To schedule regular archiving you can use any task scheduler like cron, at, sytsemd, etc.

ArchiveBox ignores links that are imported multiple times (keeping the earliest version that it’s seen). This means you can add cron jobs that regularly poll the same file or URL for new links, adding only new ones as necessary.
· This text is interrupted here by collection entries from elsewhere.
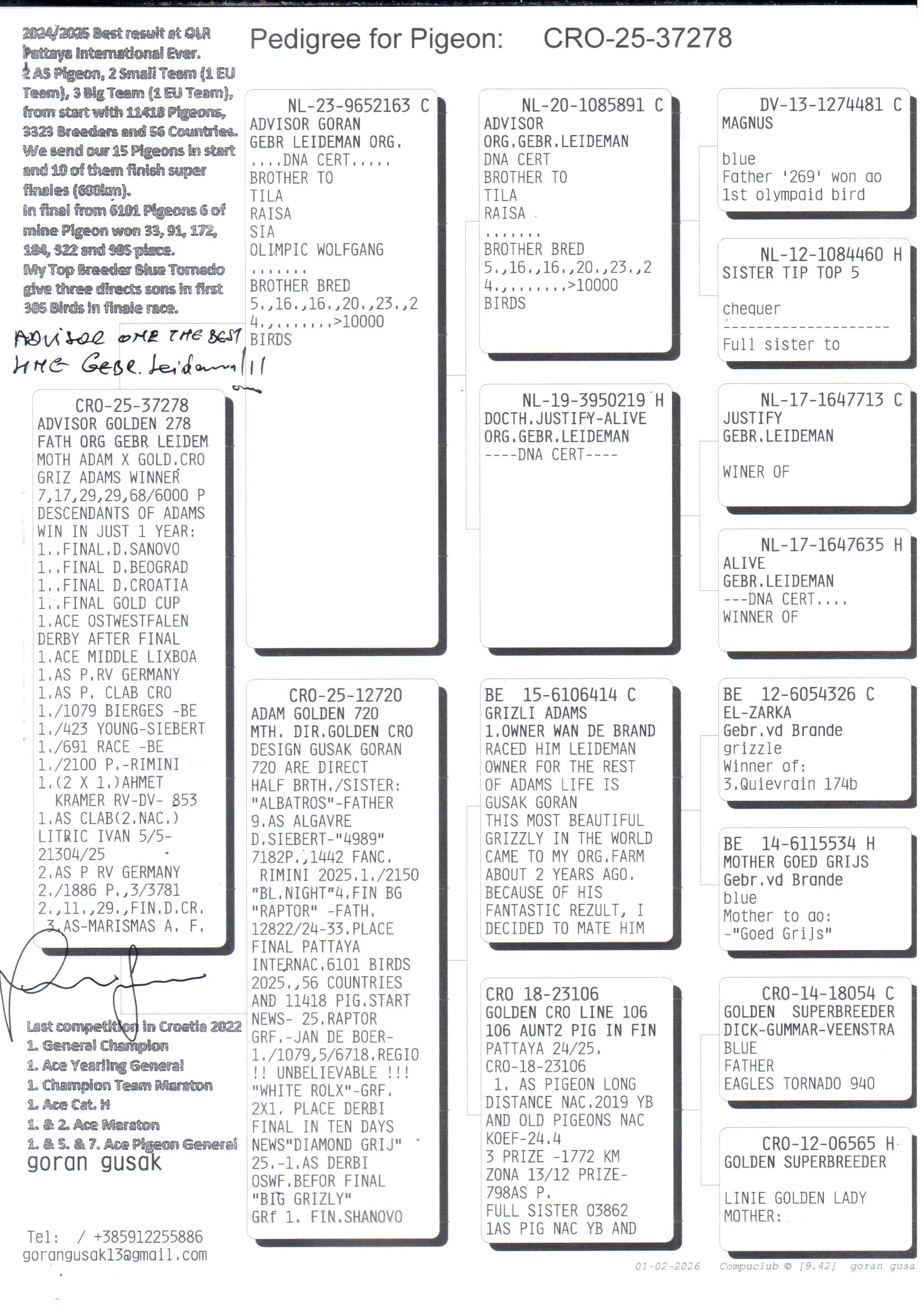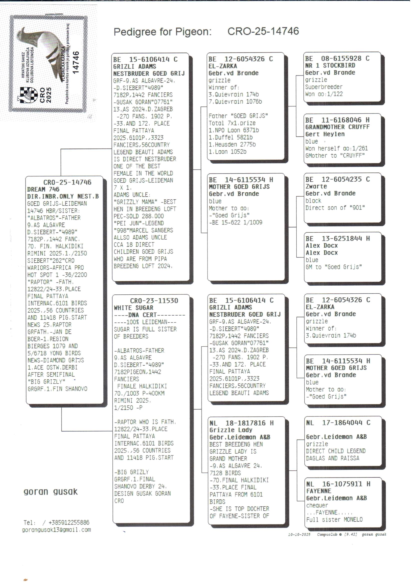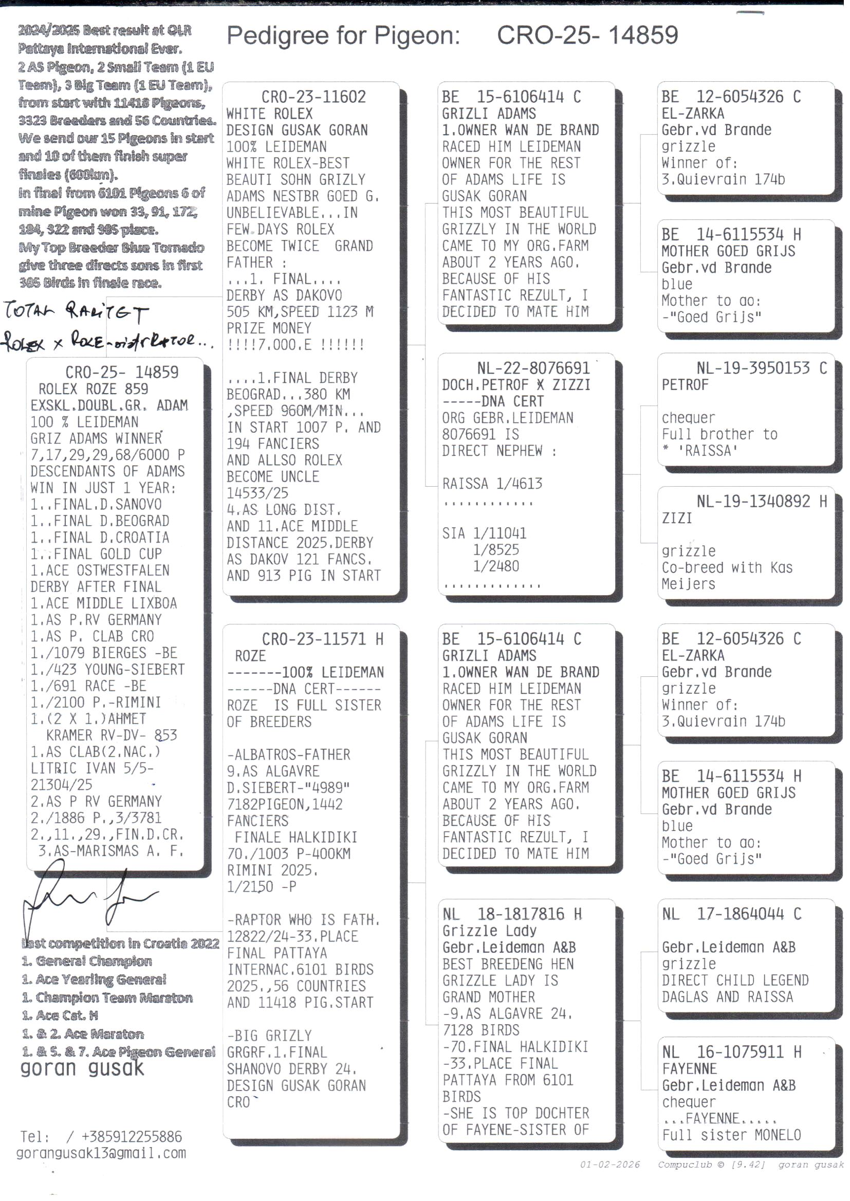 D.Siebert “4989”, 7182d, 1442 fanciers, 70° Finale Halkidiki Rimini ’25 1/2150
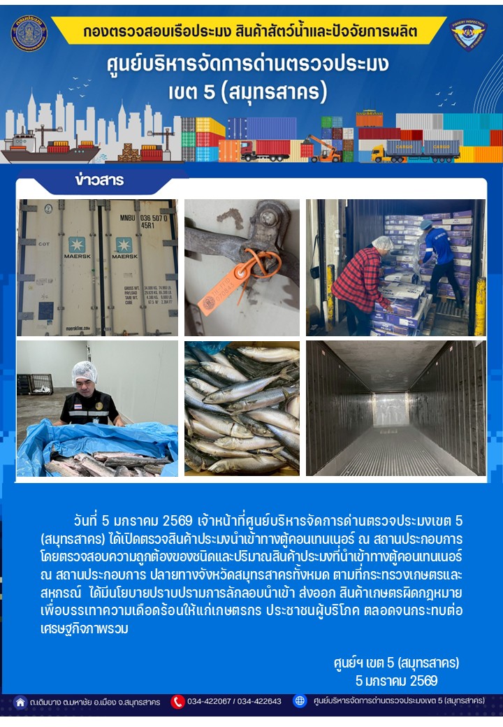 วันที่ 5 มกราคม 2569 เจ้าหน้าที่ศูนย์บริหารจัดการด่านตรวจประมงเขต5 (สมุทรสาคร) ได้เปิดตรวจสินค้าประมงนำเข้าทางตู้คอนเทนเนอร์ ณ สถานประกอบการ
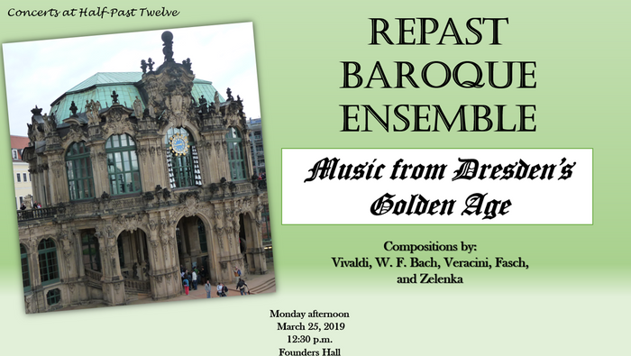 Concerts at Half Past Twelve returns for the second performance of the spring series, with members of the acclaimed Repast Baroque Ensemble performing music from the Golden Age of Dresden, a period in the early and mid-eighteenth century during which composers in the German city created some of the most timeless Baroque music.

For some example configs, see the etc/cron.d and etc/supervisord folders.

Examples

Example: Import Firefox browser history every 24 hours

This example exports your browser history and archives it once a day:

Create /opt/ArchiveBox/bin/firefox_custom.sh:

#!/bin/bash

cd /opt/ArchiveBox
./bin/archivebox-export-browser-history --firefox ./output/sources/firefox_history.json
archivebox add < ./output/sources/firefox_history.json  >> /var/log/ArchiveBox.log

Then create a new file /etc/cron.d/ArchiveBox-Firefox to tell cron to run your script every 24 hours:

0 24 * * * www-data /opt/ArchiveBox/bin/firefox_custom.sh

Example: Import an RSS feed from Pocket every 12 hours

This example imports your Pocket bookmark feed and archives any new links once a day:

First, set your Pocket RSS feed to “public” under https://getpocket.com/privacy_controls.

Create /opt/ArchiveBox/bin/pocket_custom.sh:

#!/bin/bash

cd /opt/ArchiveBox
curl https://getpocket.com/users/yourusernamegoeshere/feed/all | archivebox add  >> /var/log/ArchiveBox.log

Then create a new file /etc/cron.d/ArchiveBox-Pocket to tell cron to run your script every 12 hours:

0 12 * * * www-data /opt/ArchiveBox/bin/pocket_custom.sh